Records drawn from a dataset:

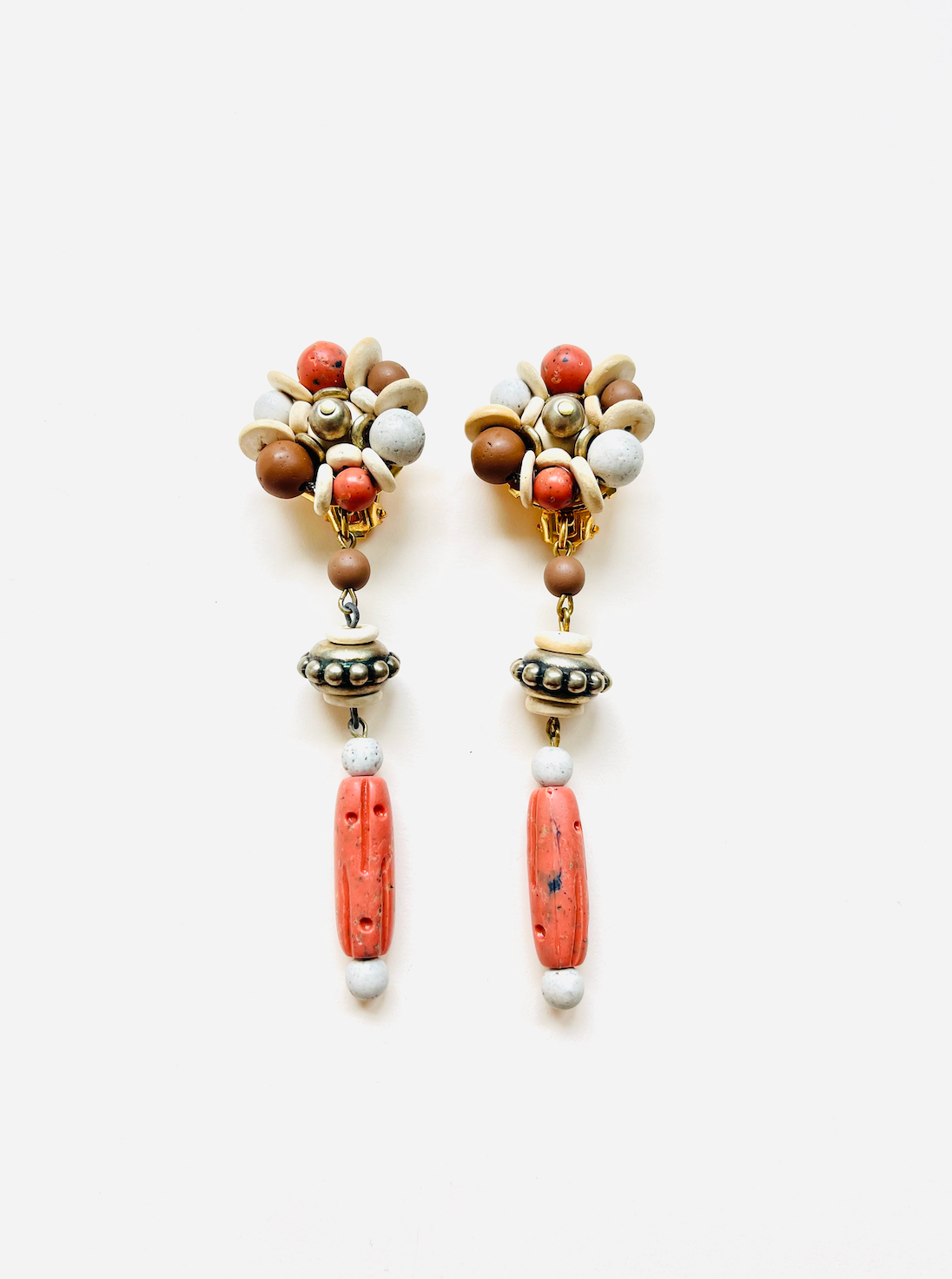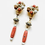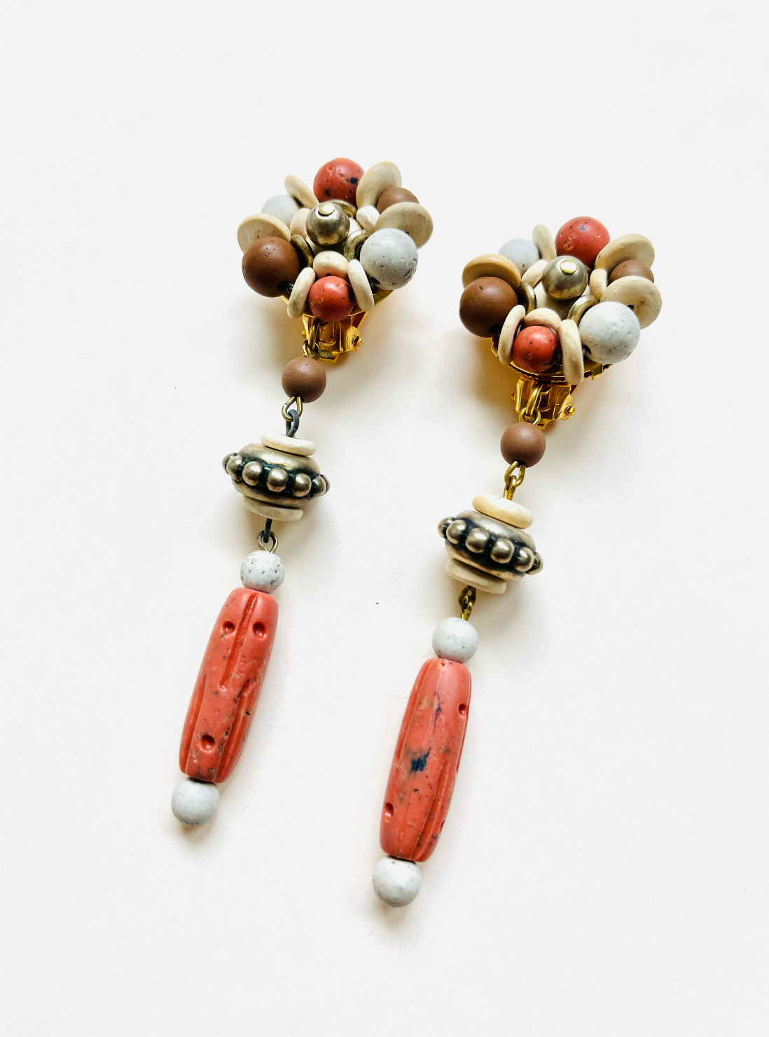 Maxi pendientes vintage originales de los años 90. Base dorada con cierre de clip y abalorios multicolor.
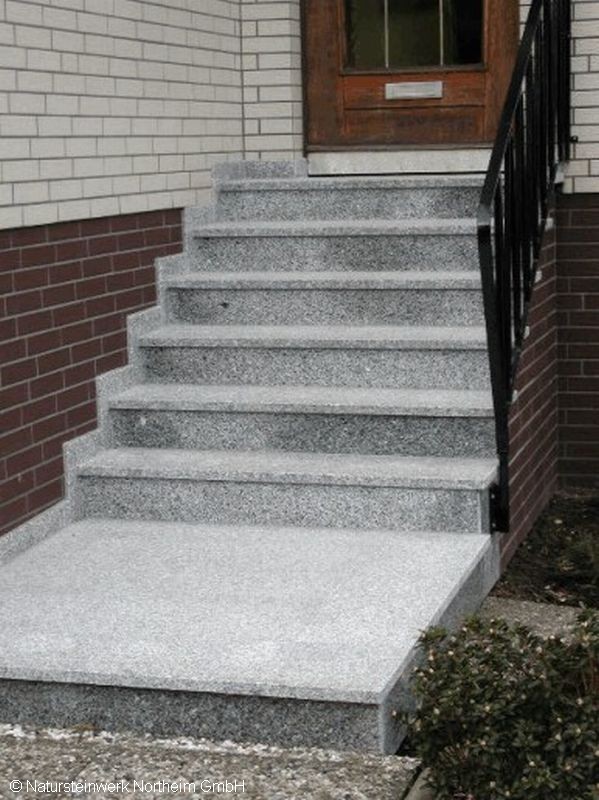 Gerade Tritt- und Setzstufen aus Griss Christall geflammt/poliert.
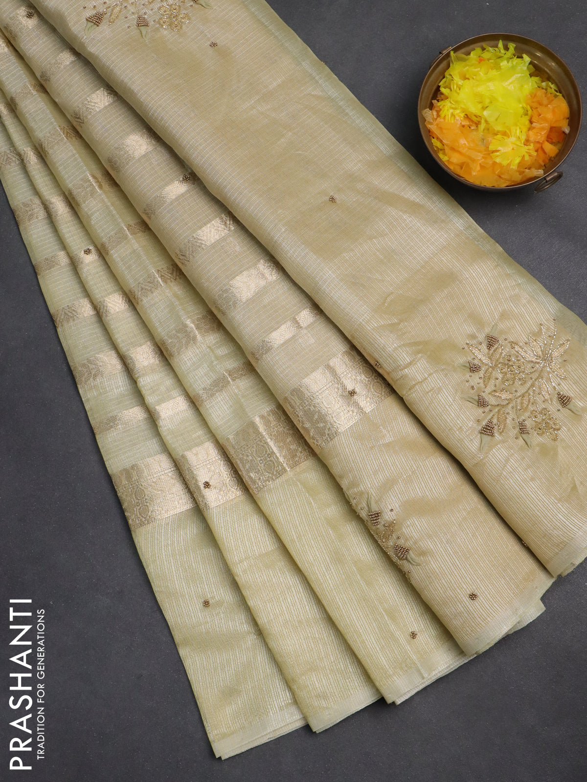 Kota tissue saree sandal with allover zari weaves & embroidery buttas and embroidery butta border
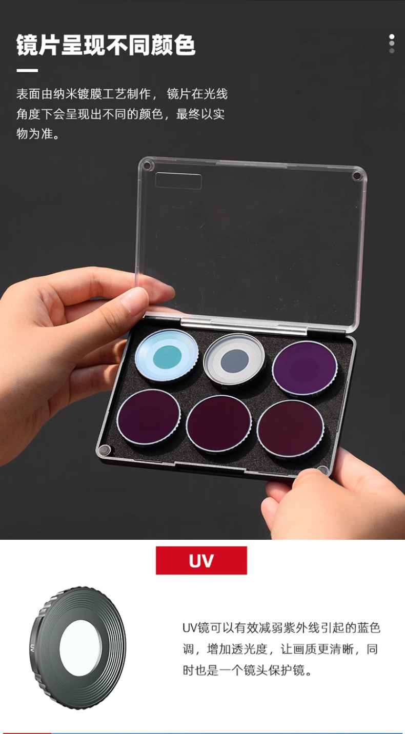 Доступны следующие фильтры action5pro/action4; УФ-защитное зеркало; Полиполяризатор CPL; ND8; ND16; ND32; ND64; Набор из 4 частей (ND8 ND16 ND32 ND64); Набор из 6 частей (ND8 ND16 ND32 ND64 UV CPL)
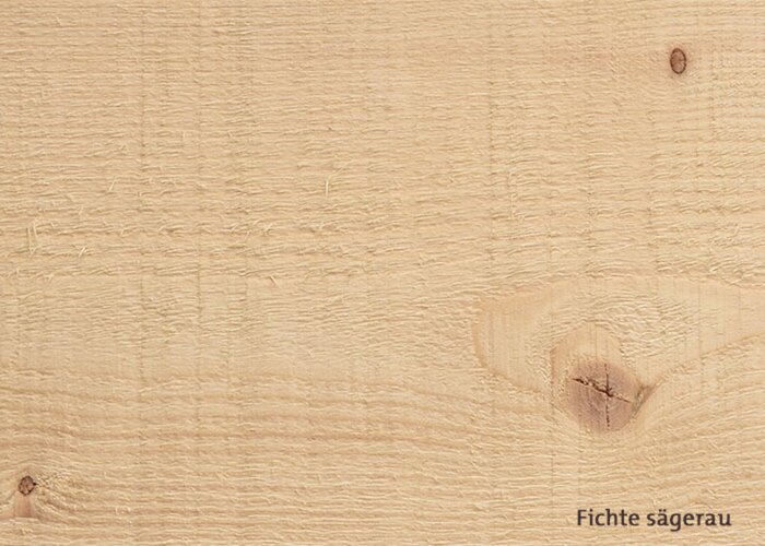 - Sägerau: Sägeraues Holz hat ein hohes Saugvermögen. Es nimmt den Anstrich hervorragend auf. Vor der Beschichtung reinigen Sie die sägeraue Oberfläche unbedingt von losen Holzpartikeln. (Siehe Muster in der Bildergalerie)

## What you need to do
Your task is to retype the lines running from the one that contains "Gerade Tritt- und" through the end of the records, and nothing else. Pictures are not part of the copy.

## Exercise response
 Gerade Tritt- und Setzstufen aus Griss Christall geflammt/poliert.
 Kota tissue saree sandal with allover zari weaves & embroidery buttas and embroidery butta border
 Доступны следующие фильтры action5pro/action4; УФ-защитное зеркало; Полиполяризатор CPL; ND8; ND16; ND32; ND64; Набор из 4 частей (ND8 ND16 ND32 ND64); Набор из 6 частей (ND8 ND16 ND32 ND64 UV CPL)
 - Sägerau: Sägeraues Holz hat ein hohes Saugvermögen. Es nimmt den Anstrich hervorragend auf. Vor der Beschichtung reinigen Sie die sägeraue Oberfläche unbedingt von losen Holzpartikeln. (Siehe Muster in der Bildergalerie)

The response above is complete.